▶ [What is being asked]:
Pictures stay out of the copy. Retype exactly the lines below from the one with "Această cămașă cu" through the one with "フルコン。新しいスティックが".

▶ [Given records]:

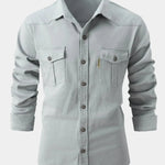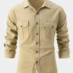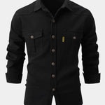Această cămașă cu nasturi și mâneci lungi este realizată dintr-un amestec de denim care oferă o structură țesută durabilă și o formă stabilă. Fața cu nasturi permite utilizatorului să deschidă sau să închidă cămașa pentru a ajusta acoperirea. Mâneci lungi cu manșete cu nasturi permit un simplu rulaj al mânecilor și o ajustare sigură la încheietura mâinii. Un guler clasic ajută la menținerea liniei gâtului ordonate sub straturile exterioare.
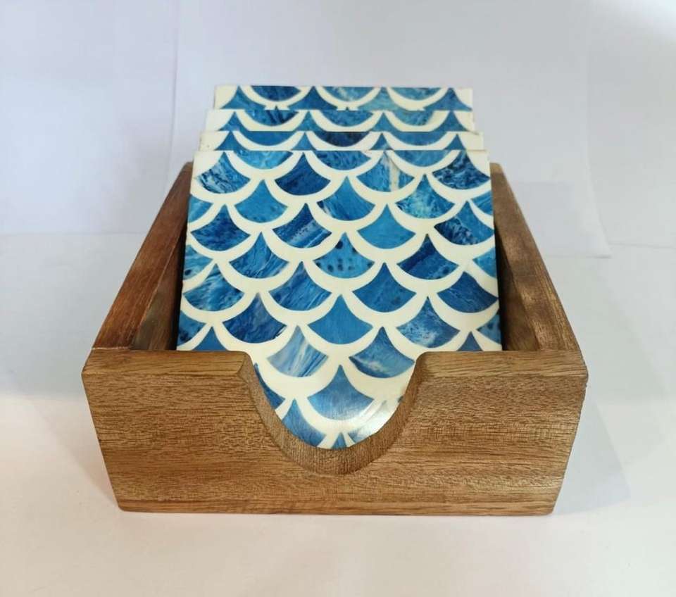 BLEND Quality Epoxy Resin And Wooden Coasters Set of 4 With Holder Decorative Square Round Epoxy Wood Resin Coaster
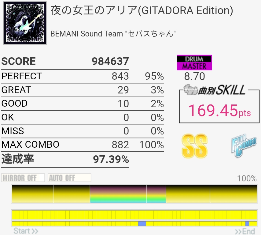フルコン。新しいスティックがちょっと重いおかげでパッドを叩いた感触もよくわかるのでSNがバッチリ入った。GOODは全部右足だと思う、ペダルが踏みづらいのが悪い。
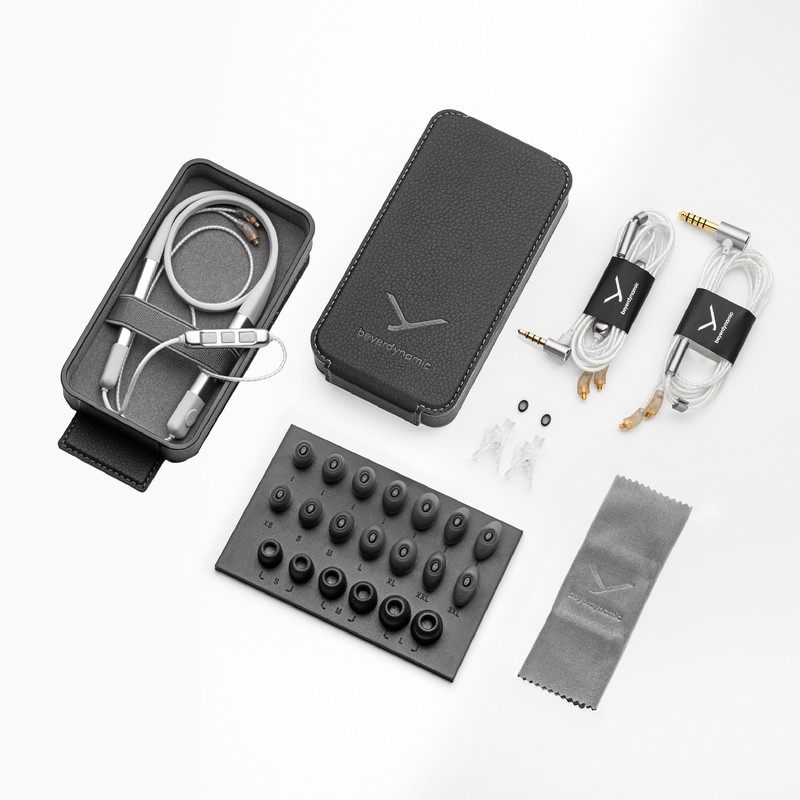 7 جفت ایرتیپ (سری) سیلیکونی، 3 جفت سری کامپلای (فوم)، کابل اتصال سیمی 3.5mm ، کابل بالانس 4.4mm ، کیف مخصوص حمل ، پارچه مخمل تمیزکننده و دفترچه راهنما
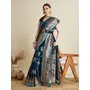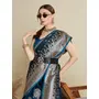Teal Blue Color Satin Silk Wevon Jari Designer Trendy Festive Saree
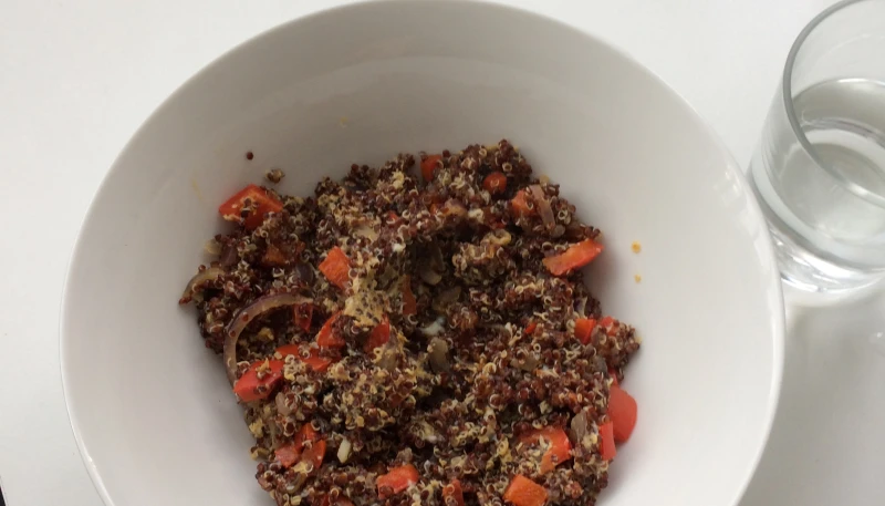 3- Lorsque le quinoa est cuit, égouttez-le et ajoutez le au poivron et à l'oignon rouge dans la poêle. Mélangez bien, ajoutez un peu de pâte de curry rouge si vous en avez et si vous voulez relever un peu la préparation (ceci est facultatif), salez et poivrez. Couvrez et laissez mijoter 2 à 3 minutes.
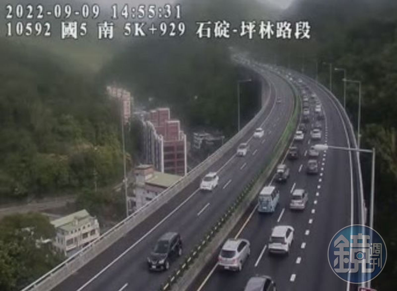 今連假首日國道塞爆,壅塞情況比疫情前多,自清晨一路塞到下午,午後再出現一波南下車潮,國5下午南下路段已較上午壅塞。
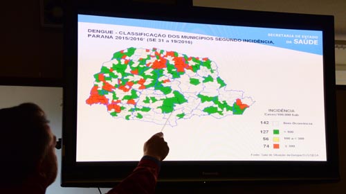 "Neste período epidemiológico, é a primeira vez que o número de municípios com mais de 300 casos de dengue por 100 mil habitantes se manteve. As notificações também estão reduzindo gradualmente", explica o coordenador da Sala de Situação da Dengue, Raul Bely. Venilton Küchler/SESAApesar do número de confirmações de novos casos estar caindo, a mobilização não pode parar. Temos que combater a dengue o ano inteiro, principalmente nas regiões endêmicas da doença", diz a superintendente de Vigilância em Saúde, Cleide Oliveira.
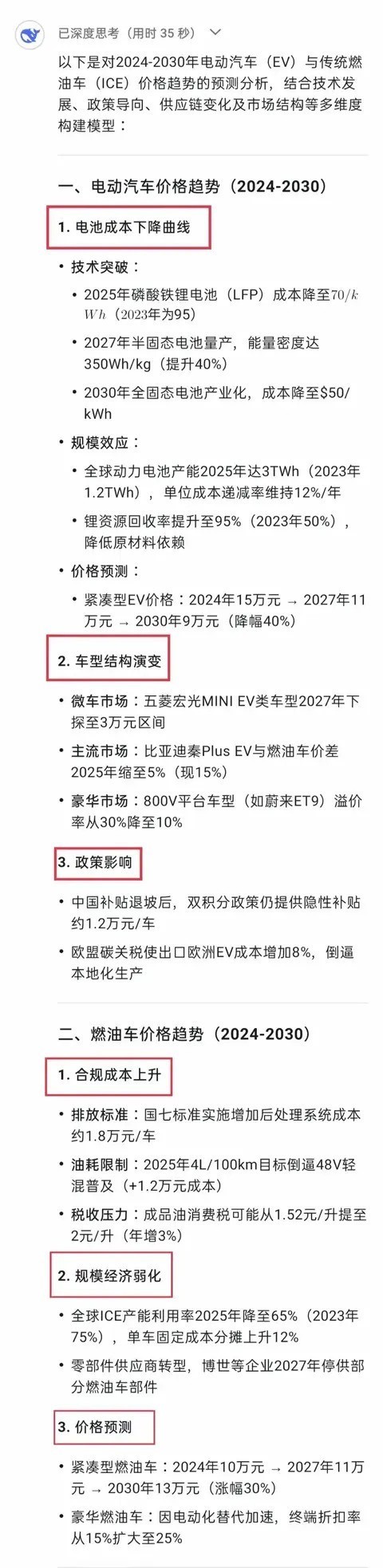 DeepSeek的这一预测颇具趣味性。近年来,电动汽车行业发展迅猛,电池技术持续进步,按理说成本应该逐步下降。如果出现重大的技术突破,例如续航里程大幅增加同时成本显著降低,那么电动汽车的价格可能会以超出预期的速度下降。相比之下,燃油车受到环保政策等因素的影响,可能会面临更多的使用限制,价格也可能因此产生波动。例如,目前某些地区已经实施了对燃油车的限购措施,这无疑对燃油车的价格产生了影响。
---
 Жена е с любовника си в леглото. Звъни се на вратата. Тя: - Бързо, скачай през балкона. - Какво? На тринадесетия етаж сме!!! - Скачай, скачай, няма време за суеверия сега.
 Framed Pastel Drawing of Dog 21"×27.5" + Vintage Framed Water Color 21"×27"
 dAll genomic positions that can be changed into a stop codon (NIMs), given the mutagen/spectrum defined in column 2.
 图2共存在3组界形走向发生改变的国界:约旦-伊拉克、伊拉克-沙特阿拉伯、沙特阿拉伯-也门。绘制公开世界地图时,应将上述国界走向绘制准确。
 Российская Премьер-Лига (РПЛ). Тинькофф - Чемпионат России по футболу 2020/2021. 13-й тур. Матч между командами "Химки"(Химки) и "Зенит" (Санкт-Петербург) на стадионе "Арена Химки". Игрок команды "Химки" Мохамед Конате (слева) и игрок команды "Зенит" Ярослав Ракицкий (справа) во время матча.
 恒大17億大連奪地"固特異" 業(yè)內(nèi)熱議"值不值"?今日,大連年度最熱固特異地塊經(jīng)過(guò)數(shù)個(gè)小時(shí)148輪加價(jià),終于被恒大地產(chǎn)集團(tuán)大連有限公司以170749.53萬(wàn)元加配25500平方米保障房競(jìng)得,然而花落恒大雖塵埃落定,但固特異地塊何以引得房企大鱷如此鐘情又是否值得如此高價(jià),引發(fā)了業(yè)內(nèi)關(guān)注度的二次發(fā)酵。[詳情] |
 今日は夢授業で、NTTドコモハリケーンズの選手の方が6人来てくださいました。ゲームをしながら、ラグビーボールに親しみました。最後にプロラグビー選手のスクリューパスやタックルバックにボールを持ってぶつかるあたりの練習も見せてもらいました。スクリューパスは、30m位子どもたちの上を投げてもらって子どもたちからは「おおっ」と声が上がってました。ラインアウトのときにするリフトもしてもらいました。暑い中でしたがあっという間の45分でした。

▶ [Solution for this exercise]:
Această cămașă cu nasturi și mâneci lungi este realizată dintr-un amestec de denim care oferă o structură țesută durabilă și o formă stabilă. Fața cu nasturi permite utilizatorului să deschidă sau să închidă cămașa pentru a ajusta acoperirea. Mâneci lungi cu manșete cu nasturi permit un simplu rulaj al mânecilor și o ajustare sigură la încheietura mâinii. Un guler clasic ajută la menținerea liniei gâtului ordonate sub straturile exterioare.
 BLEND Quality Epoxy Resin And Wooden Coasters Set of 4 With Holder Decorative Square Round Epoxy Wood Resin Coaster
フルコン。新しいスティックがちょっと重いおかげでパッドを叩いた感触もよくわかるのでSNがバッチリ入った。GOODは全部右足だと思う、ペダルが踏みづらいのが悪い。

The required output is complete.